JENEPONTO, matasulsel.id – Suasana sejuk yang biasanya menyelimuti lingkungan Lembang Loe, Kelurahan Balang, kini berubah menjadi pemandangan yang memilukan. Puluhan pohon peneduh yang telah berdiri kokoh selama puluhan tahun, kini rata dengan tanah. Fenomena ini memicu gelombang protes keras dari berbagai lapisan masyarakat, mulai dari petani, pelajar, hingga aktivis lingkungan yang tergabung dalam Koalisi Masyarakat Sipil untuk Ekologi.

Aksi penebangan ini disinyalir berawal dari upaya pembersihan jaringan listrik. Namun, apa yang terjadi di lapangan justru jauh dari sekadar “pemangkasan”.

“Kami sudah menyaksikan pohon ini puluhan tahun. Di bawah rindangnya, anak-anak sekolah berteduh, dan petani beristirahat setelah membajak sawah.
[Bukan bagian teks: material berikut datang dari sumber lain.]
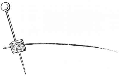 In passing to the chrysalis stage the caterpillars have sometimes to make rather more preparations than in previous skin-changing provisions. Those of the Swallow-tail, Whites, Orange-tip, and similar kinds have to provide a silken girdle for the waist as well as a pad for the tail. Chrysalids that hang suspended, head downwards, such as the Vanessids, Fritillaries, etc., are attached by the cremaster—a hooked arrangement on the tail (Fig. 5)—to a pad of silk; others, such as the Blues and the Coppers, appear to be held in position on a leaf, or some other object, by means of a fine girdle of silk, or sometimes a few silken threads spread net-like above and below them—rudiments of a cocoon in fact. Chrysalids of the Skippers are enclosed in a more or less complete cocoon placed within a chamber, formed of a leaf or leaves of the food-plant, drawn together by silken cables. Some of these [Pg 7]chrysalids are furnished with hooks on the tail as well as with a girdle for suspension; but others have hooks only.

Sekarang, semuanya hilang hanya dalam hitungan jam,” ujar salah seorang warga yang sempat menegur petugas di lapangan.

Penebangan permanen ini dianggap sangat kontradiktif dengan visi Pembangunan Berkelanjutan (Sustainable Development) Alih-alih merawat aset ekologis, tindakan ini justru mencederai keseimbangan alam di sepanjang poros Jeneponto yang membentang dari perbatasan Takalar hingga Bantaeng.

Melihat eskalasi penebangan yang terus meluas sejak awal tahun 2026, Koalisi Masyarakat Sipil untuk Ekologi, secara resmi merilis tagar #DaruratPenebanganPohonPeneduh

Pesan ini bukan sekadar luapan emosi, melainkan peringatan serius kepada semua pihak termasuk Pemerintah Daerah untuk segera mengaudit izin dan prosedur penebangan pohon di ruang publik.
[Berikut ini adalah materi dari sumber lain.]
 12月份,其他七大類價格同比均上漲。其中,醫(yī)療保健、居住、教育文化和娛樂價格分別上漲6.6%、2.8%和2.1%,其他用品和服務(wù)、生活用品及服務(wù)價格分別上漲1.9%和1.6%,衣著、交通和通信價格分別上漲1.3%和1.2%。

Pihak PLN dan Rekanan, agar melakukan koordinasi yang transparan sebelum melakukan tindakan teknis di lapangan.

Salah satu Kepala Desa yang enggan disebutkan namanya menekankan pentingnya etika birokrasi.

“Jika masuk ke wilayah desa tanpa koordinasi, apalagi melakukan penebangan total tanpa alasan yang masuk akal, ini sangat fatal. Koordinasi bukan sekadar formalitas, tapi bentuk penghormatan terhadap lingkungan warga,” tegasnya.

Penebangan pohon di pinggir jalan bukan sekadar masalah estetika. Ada dampak nyata yang akan dirasakan masyarakat Jeneponto:

Suhu udara di jalan raya akan meningkat drastis tanpa adanya kanopi alami dari pohon puluhan tahun.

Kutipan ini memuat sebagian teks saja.